**ACTION ITEM:**
Give the listing again character for character, but drop the images.

**RAW DATA:**

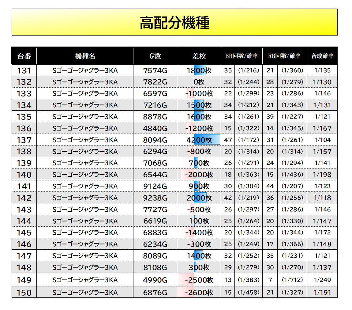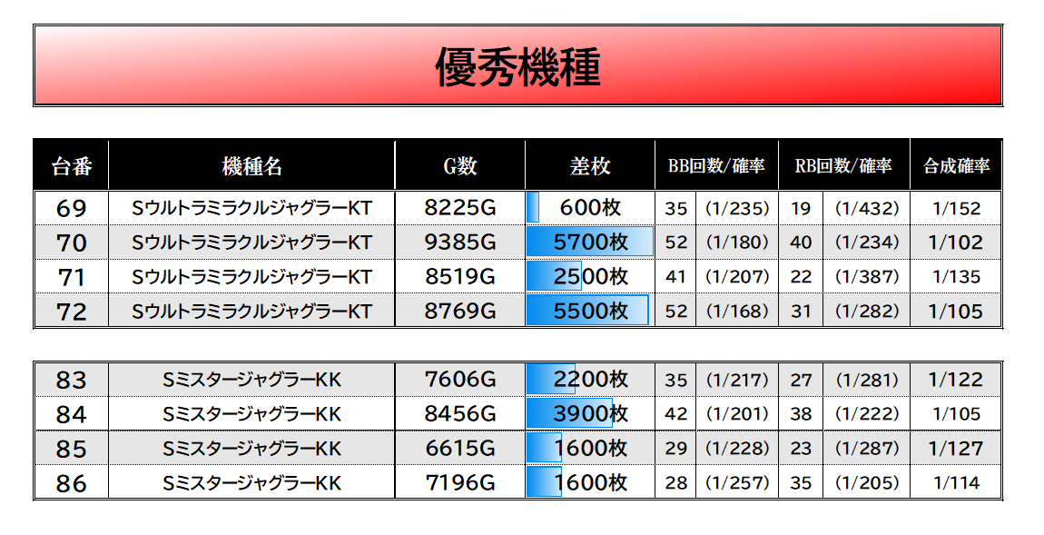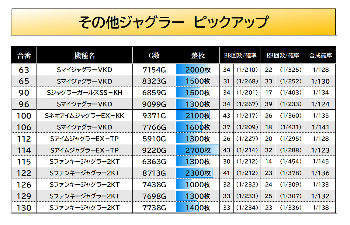 そして今回は沖ドキシリーズに好調台が多く見えておりゴージャスからは5000枚が2台に3000枚が3台!
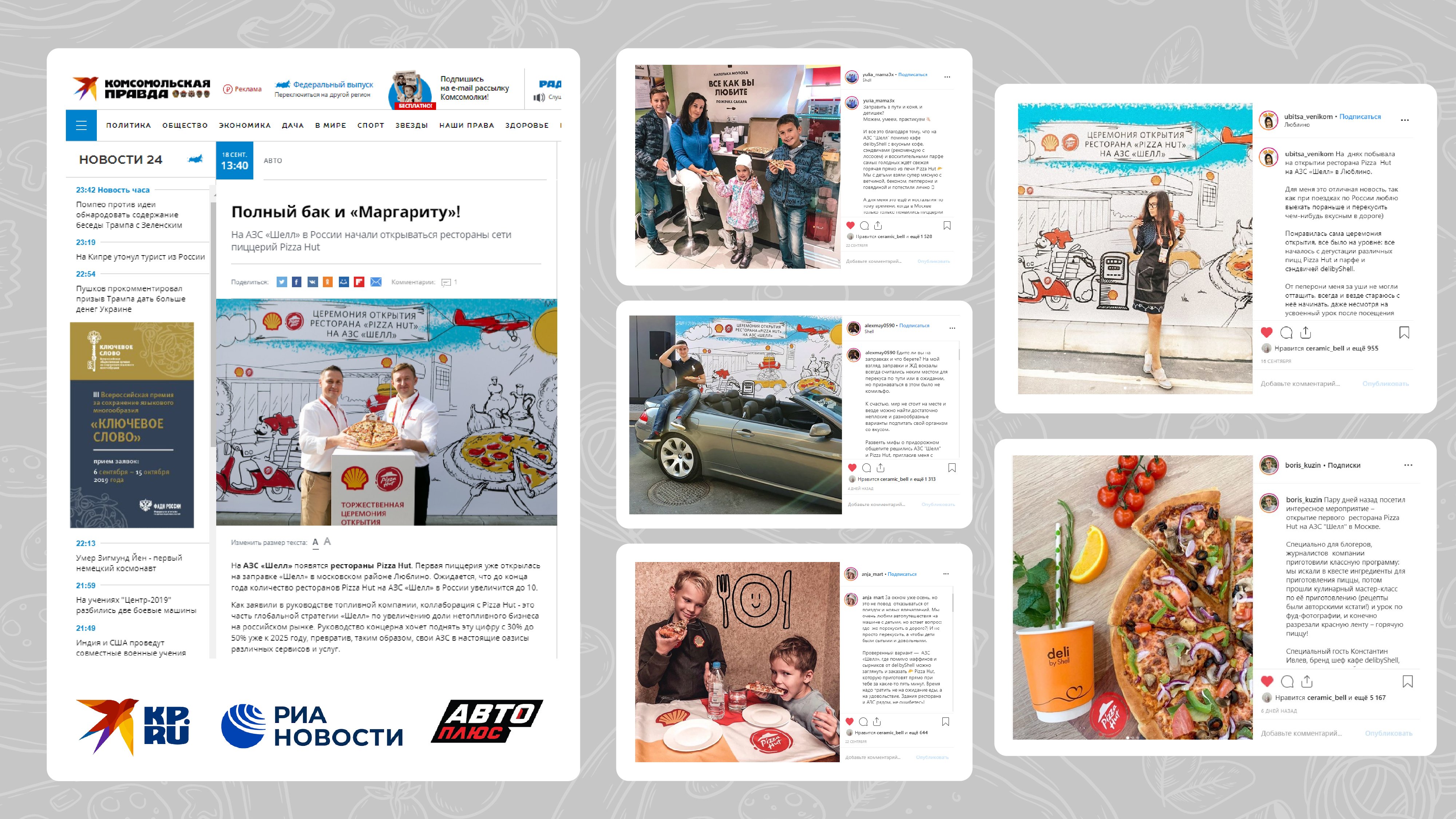 Перед нами стояла важная задача - осветить стратегическое партнерство и открытие первого ресторана Pizza Hut на АЗС Shell в России. Мы благодарны двум уважаемым компаниям за оказанное доверие и возможность реализовать этот важный проект не только с точки зрения информационного сопровождения, а и яркой эмоциональной креативной идеи, которая нашла отражение в игровом формате самого мероприятия.
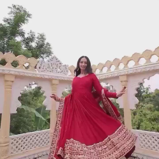 Elegant red Anarkali gown crafted in premium Fox Georgette fabric with heavy embroidery sequence work. Comes with matching embroidered dupatta. Fully stitched and ready to wear—perfect for weddings, parties, and festive occasions.
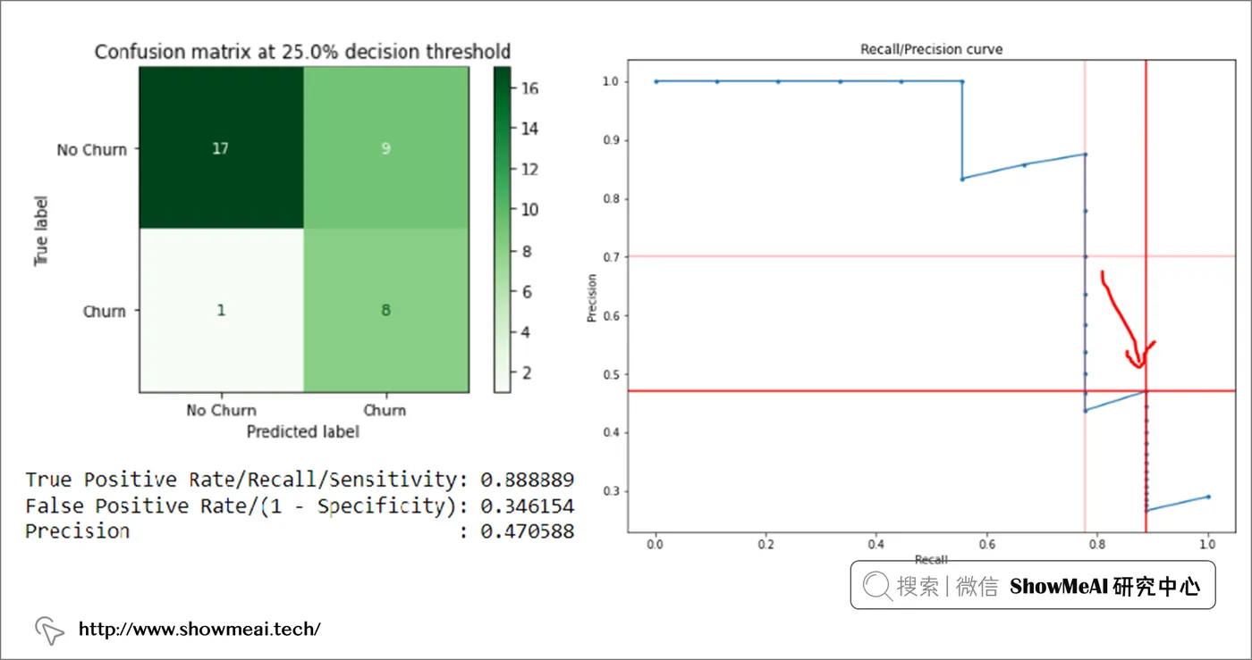 举例来说,在我们当前的例子中,如果我们将决策判定概率从0.5降低到0.25,可以把召回率提升到88.9%,但随之发生变化的是精度降低到47%。

**EXERCISE ANSWER:**
 そして今回は沖ドキシリーズに好調台が多く見えておりゴージャスからは5000枚が2台に3000枚が3台!
 Перед нами стояла важная задача - осветить стратегическое партнерство и открытие первого ресторана Pizza Hut на АЗС Shell в России. Мы благодарны двум уважаемым компаниям за оказанное доверие и возможность реализовать этот важный проект не только с точки зрения информационного сопровождения, а и яркой эмоциональной креативной идеи, которая нашла отражение в игровом формате самого мероприятия.
 Elegant red Anarkali gown crafted in premium Fox Georgette fabric with heavy embroidery sequence work. Comes with matching embroidered dupatta. Fully stitched and ready to wear—perfect for weddings, parties, and festive occasions.
 举例来说,在我们当前的例子中,如果我们将决策判定概率从0.5降低到0.25,可以把召回率提升到88.9%,但随之发生变化的是精度降低到47%。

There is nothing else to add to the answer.